Lay chopped lettuce, onion, and tomato strips on a plate. Top it with grilled chicken pieces and croutons. Drizzle the dressing and enjoy this yummy salad on a hot summer day.

Meal Prep Idea:

Put the salad, grilled chicken, and dressing in separate containers and assemble before eating. 

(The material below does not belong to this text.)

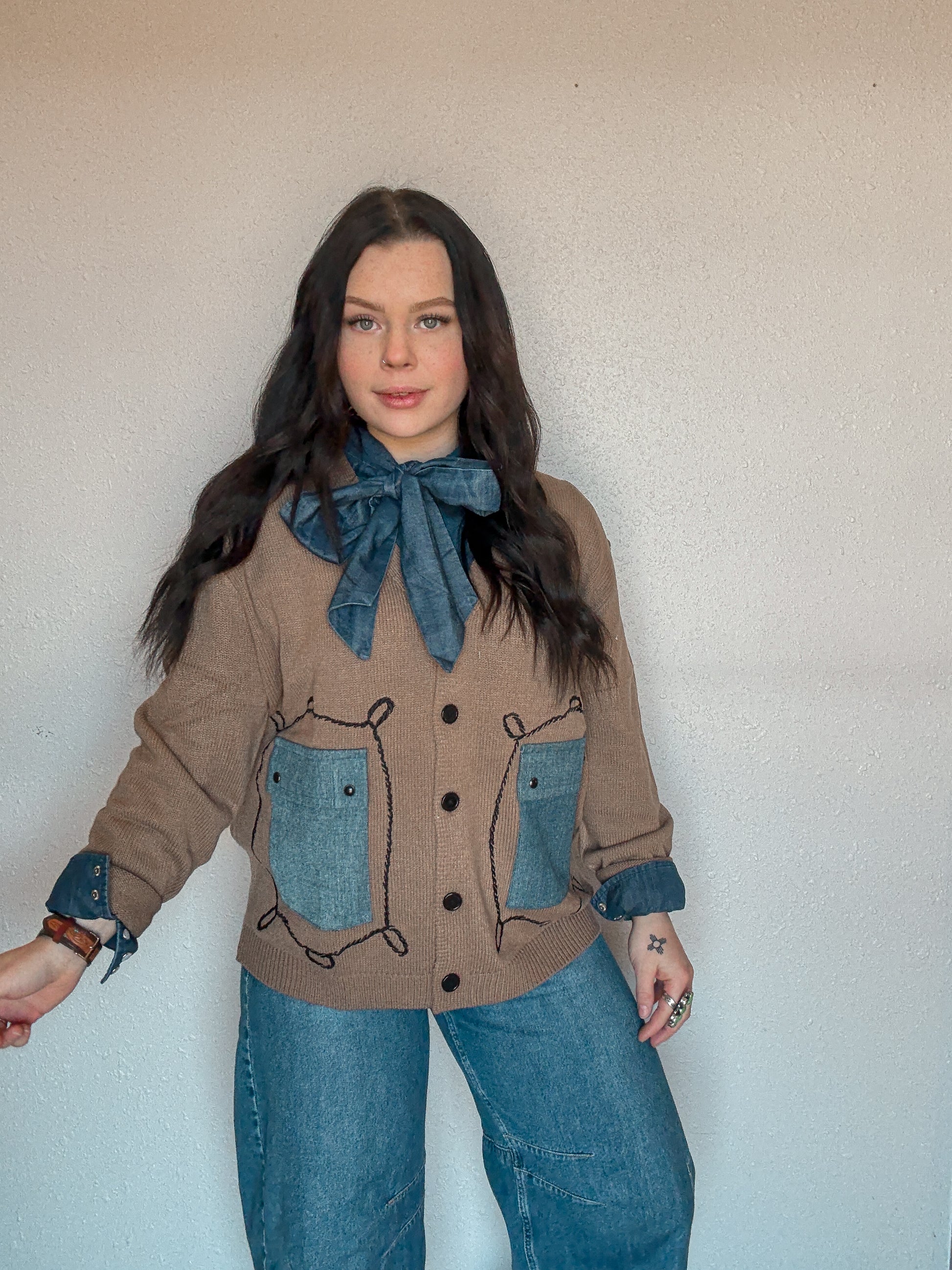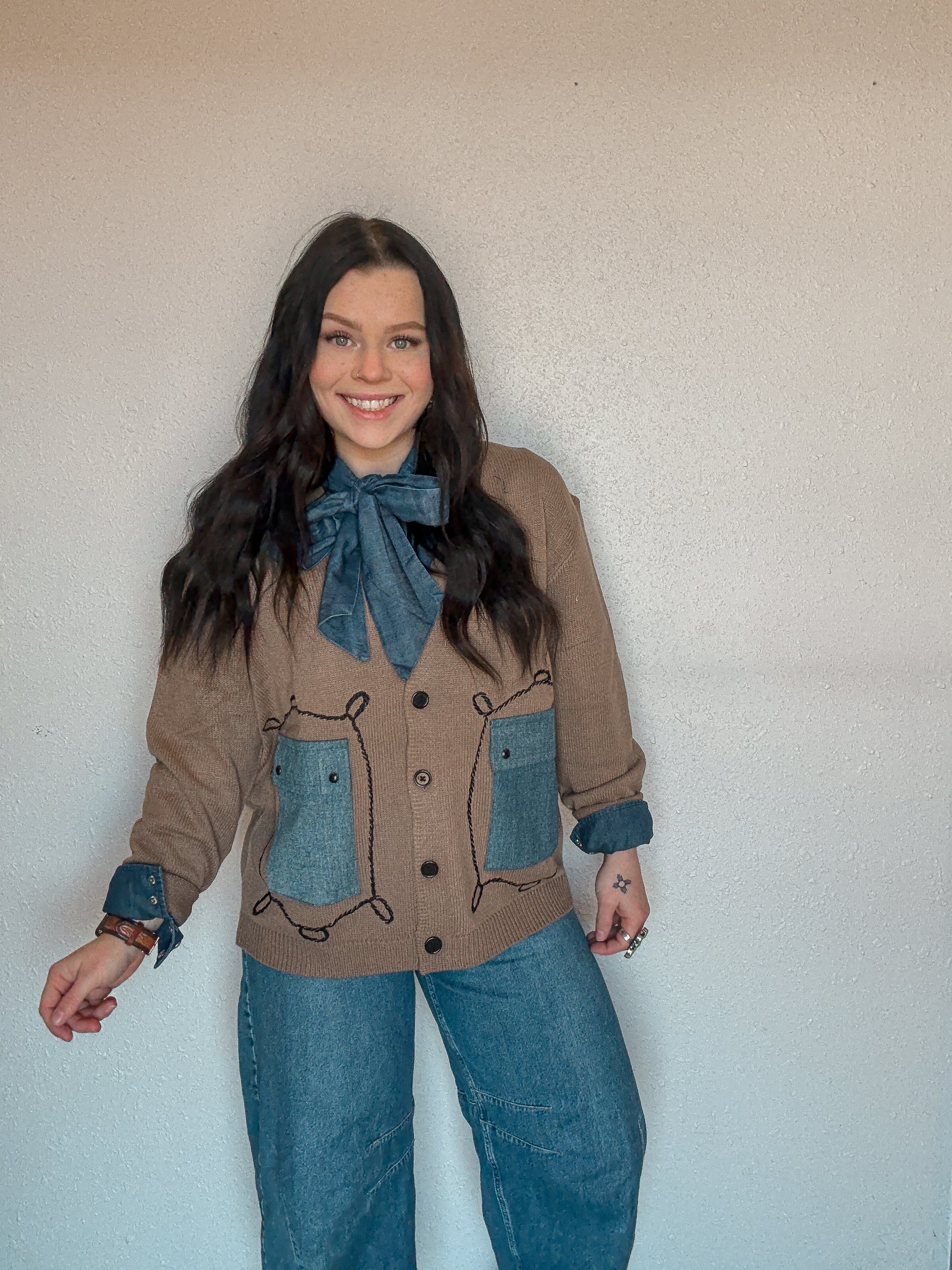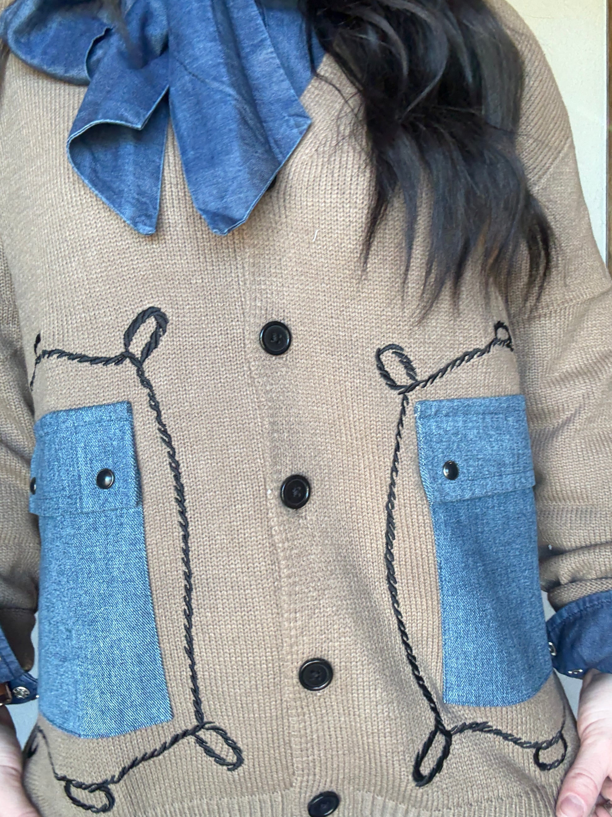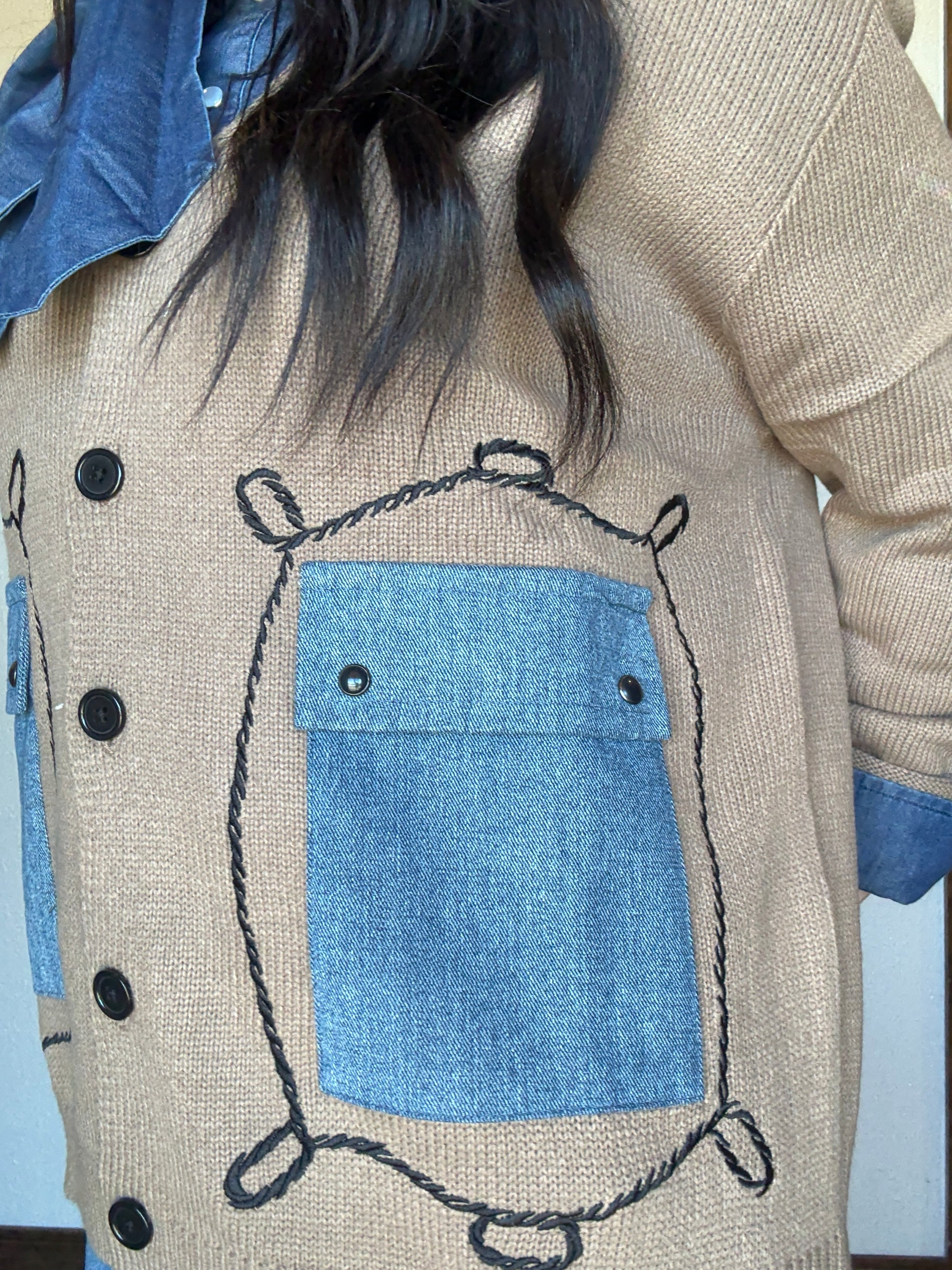 cardigan fit with denim pockets and rope embroidery. This cardigan would make a GREAT transition piece for spring. you could pair it with some shorts, a basic top, and some sneakers.

Evening Snack: Roasted Spicy Chickpeas

Roasted Chickpeas

Nutritional Value: Calories: 70 Carbs:11g Protein:2.4g Fat:1.3g Fiber:1.8g

Ingredients:

1 cup boiled chickpeas

1 tsp salt, chili powder, chat masala, and mixed herbs

1 tsp sesame seeds

1 tbsp oil

Recipe: 

Preheat the oven to 220 degrees Celsius for 10 minutes. Add in the spices to boiled chickpeas and mix well. Place the chickpeas on the baking tray and bake them for 30-40 minutes. 

Meal Prep Idea: 

You can roast the chickpeas first in the oven and add in the spices later too. You can add other flavors to suit your mood.

Dinner: Sweet Potato Chickpea Coconut Milk Soup

Sweet Potato Chickpea Soup

Nutritional Value: Calories: 230 Carbs:27g Protein:3.4g Fat:3.7g Fiber:6.8g

Ingredients:

½ sweet potato boiled and mashed

½ cup boiled chickpeas

1 onion and 2 tomatoes pureed

2 garlic cloves chopped

1 tbsp chili powder and salt

½ tsp pepper crushed

1 bay leaf

2 tbsp butter

1 cup coconut milk thick

Recipe: 

Heat butter in a saucepan. Add in bay leaf, crushed garlic, puree, spices, and gently mix for 10 minutes. Add in chickpeas and mashed sweet potatoes and cook for 10 minutes. Add in coconut milk and simmer for a minute. Top with coconut milk and roasted chickpeas (optional) before serving. 

Meal Prep: 

Cook the soup without adding coconut milk and store this in a separate container. You can add in coconut milk while reheating the soup.

Tips:

All these recipes stay good for 3 days when stored in separate containers. 

You can meal prep on a Sunday and enjoy these dishes on any day of the week. 

Soup, grilled chicken, and naan are freezer-friendly.

Roasted chickpeas stay good for a week when stored in an airtight container.